[DATA EXTRACT]
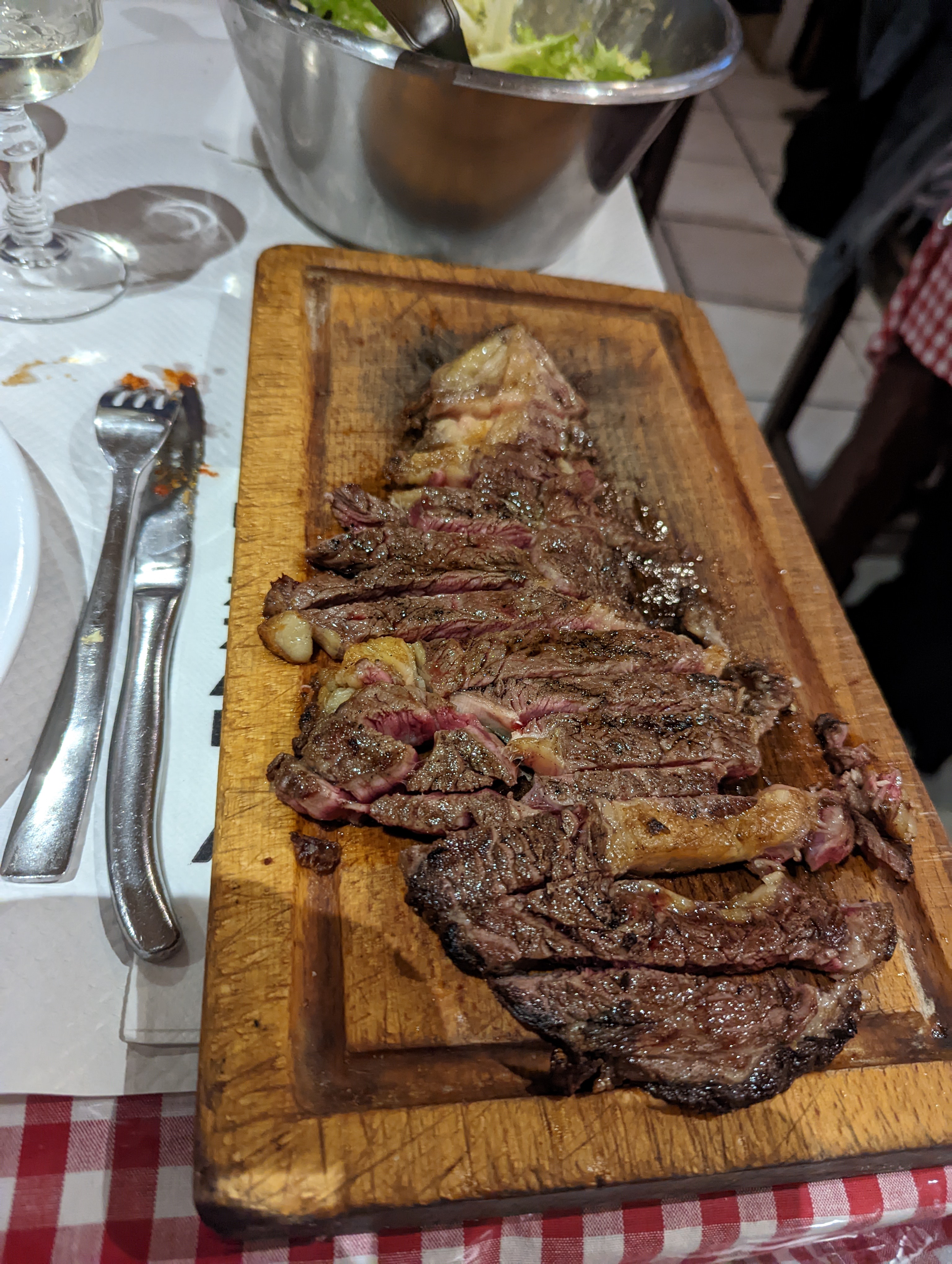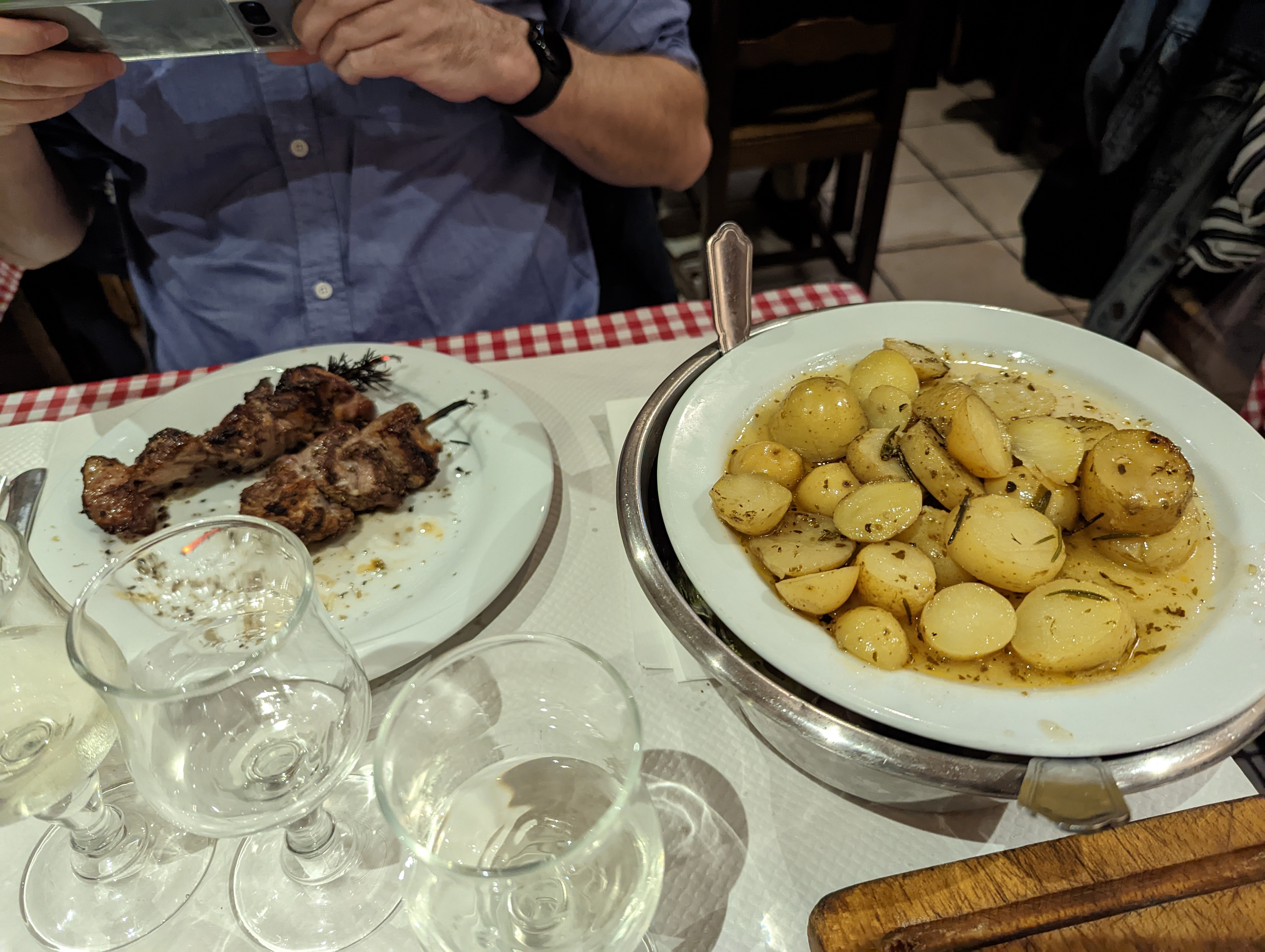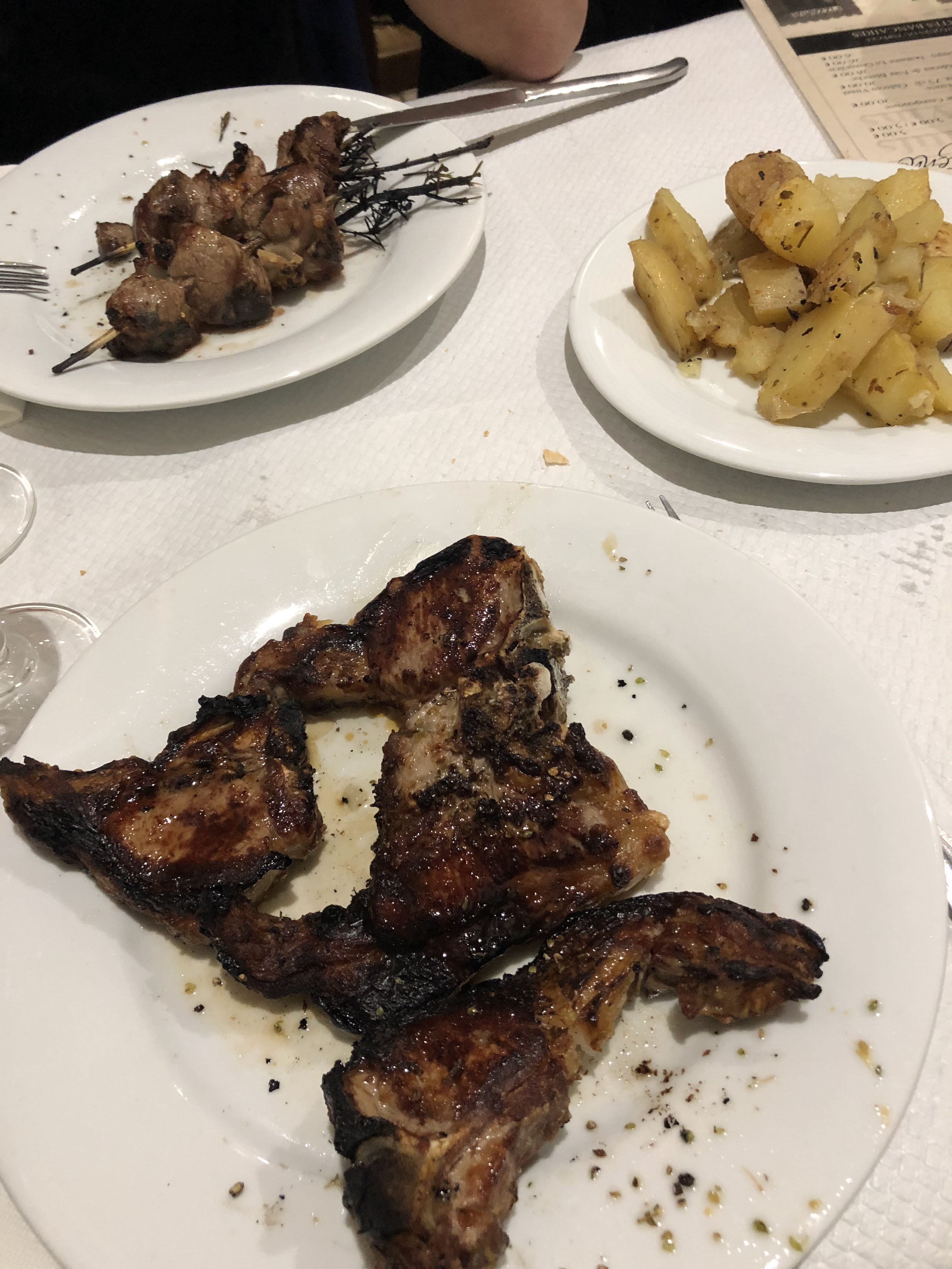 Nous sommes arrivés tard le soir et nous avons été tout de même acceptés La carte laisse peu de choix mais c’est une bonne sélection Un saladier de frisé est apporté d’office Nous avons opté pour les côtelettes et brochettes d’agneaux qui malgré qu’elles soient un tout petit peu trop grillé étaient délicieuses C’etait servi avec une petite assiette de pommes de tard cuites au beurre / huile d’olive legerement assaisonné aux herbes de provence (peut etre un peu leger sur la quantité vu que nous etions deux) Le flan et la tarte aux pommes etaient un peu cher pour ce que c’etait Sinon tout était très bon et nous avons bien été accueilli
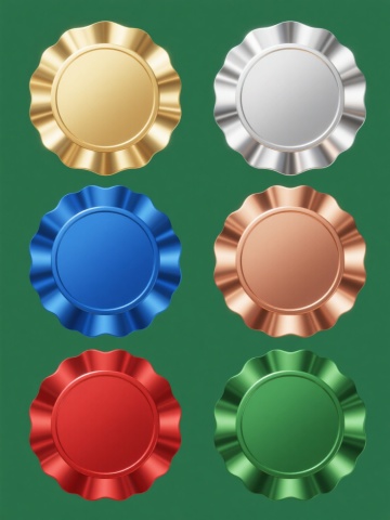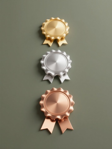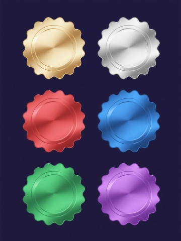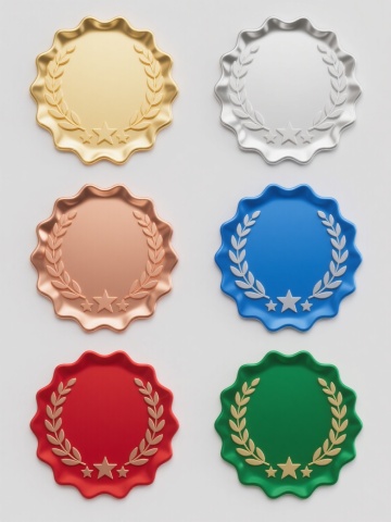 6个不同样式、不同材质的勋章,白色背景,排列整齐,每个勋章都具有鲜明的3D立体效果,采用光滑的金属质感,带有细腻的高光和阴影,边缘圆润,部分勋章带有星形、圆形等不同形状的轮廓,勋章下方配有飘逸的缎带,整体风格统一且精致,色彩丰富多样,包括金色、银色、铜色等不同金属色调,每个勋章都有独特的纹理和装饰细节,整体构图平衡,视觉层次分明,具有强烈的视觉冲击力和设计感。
[/DATA EXTRACT]
[DATA EXTRACT]
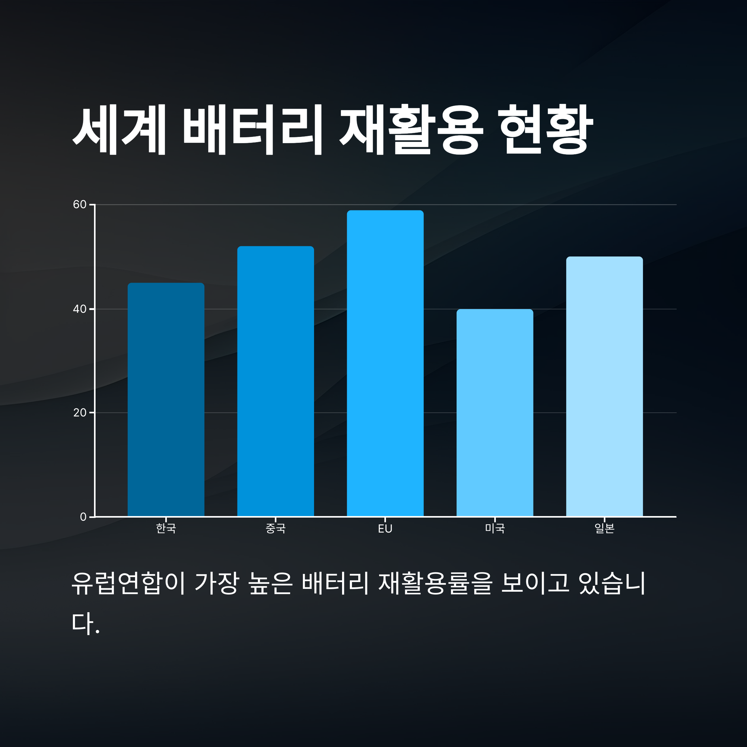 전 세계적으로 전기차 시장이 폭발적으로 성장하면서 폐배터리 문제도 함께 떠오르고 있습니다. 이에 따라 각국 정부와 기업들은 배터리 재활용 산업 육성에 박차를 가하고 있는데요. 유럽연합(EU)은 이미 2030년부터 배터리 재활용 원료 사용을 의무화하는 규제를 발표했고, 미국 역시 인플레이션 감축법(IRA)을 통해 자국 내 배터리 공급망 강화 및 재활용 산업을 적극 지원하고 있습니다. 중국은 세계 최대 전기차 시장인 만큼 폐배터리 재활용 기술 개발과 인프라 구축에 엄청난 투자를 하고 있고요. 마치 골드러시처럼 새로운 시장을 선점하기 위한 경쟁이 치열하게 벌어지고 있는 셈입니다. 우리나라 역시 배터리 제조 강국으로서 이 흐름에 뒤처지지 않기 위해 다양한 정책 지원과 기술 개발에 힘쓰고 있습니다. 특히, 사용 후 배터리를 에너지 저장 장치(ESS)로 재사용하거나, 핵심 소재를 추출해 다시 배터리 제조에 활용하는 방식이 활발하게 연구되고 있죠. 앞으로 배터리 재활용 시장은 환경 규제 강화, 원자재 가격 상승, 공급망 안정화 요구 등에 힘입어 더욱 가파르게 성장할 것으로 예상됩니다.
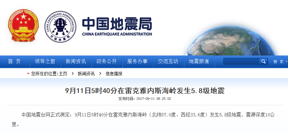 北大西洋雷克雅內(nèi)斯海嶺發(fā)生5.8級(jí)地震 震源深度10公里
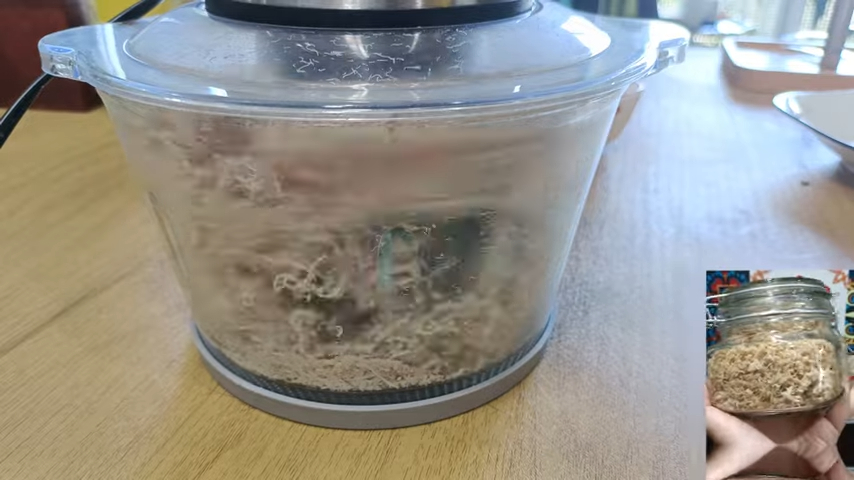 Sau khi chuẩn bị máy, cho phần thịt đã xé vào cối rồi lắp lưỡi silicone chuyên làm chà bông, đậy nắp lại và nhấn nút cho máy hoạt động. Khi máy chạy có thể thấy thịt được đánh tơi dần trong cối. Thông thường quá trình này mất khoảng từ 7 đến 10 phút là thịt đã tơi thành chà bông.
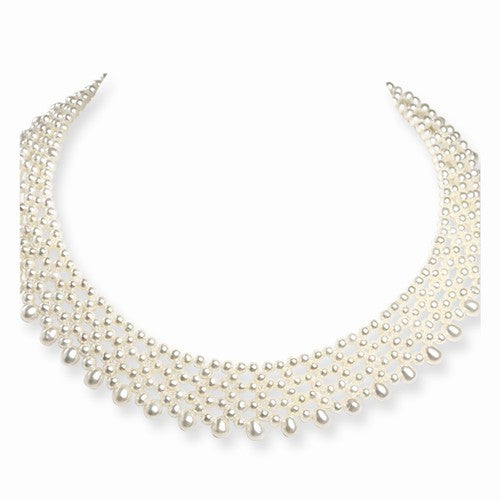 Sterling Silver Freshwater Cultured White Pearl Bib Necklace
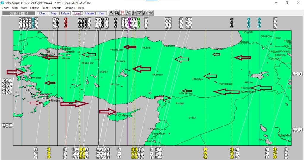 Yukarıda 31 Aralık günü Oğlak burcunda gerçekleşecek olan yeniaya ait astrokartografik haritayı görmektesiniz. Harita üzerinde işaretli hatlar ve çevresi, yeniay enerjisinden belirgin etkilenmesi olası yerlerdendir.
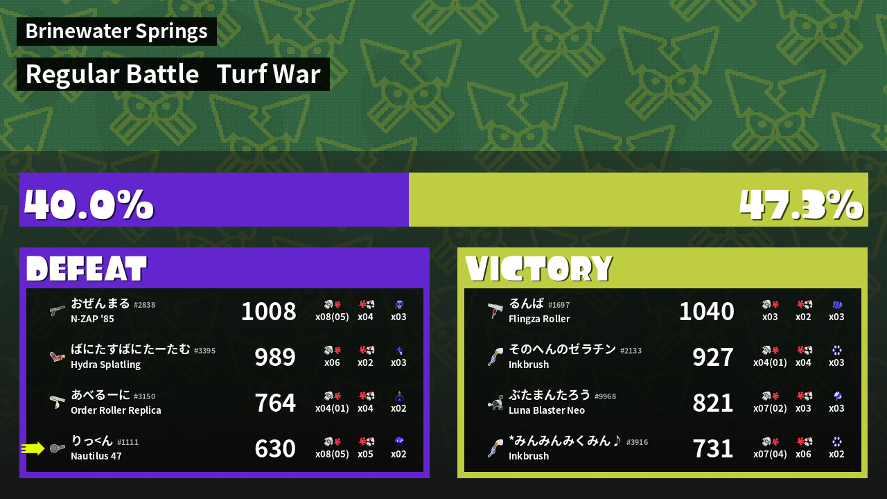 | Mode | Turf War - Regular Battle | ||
[/DATA EXTRACT]
● TASK DETAILS
While skipping the pictures, transcribe the data above from the line showing "Sterling Silver Freshwater" through the line showing "Battle | ||", exactly and with both ends.

● FINISHED TASK
 Sterling Silver Freshwater Cultured White Pearl Bib Necklace
 Yukarıda 31 Aralık günü Oğlak burcunda gerçekleşecek olan yeniaya ait astrokartografik haritayı görmektesiniz. Harita üzerinde işaretli hatlar ve çevresi, yeniay enerjisinden belirgin etkilenmesi olası yerlerdendir.
 | Mode | Turf War - Regular Battle | ||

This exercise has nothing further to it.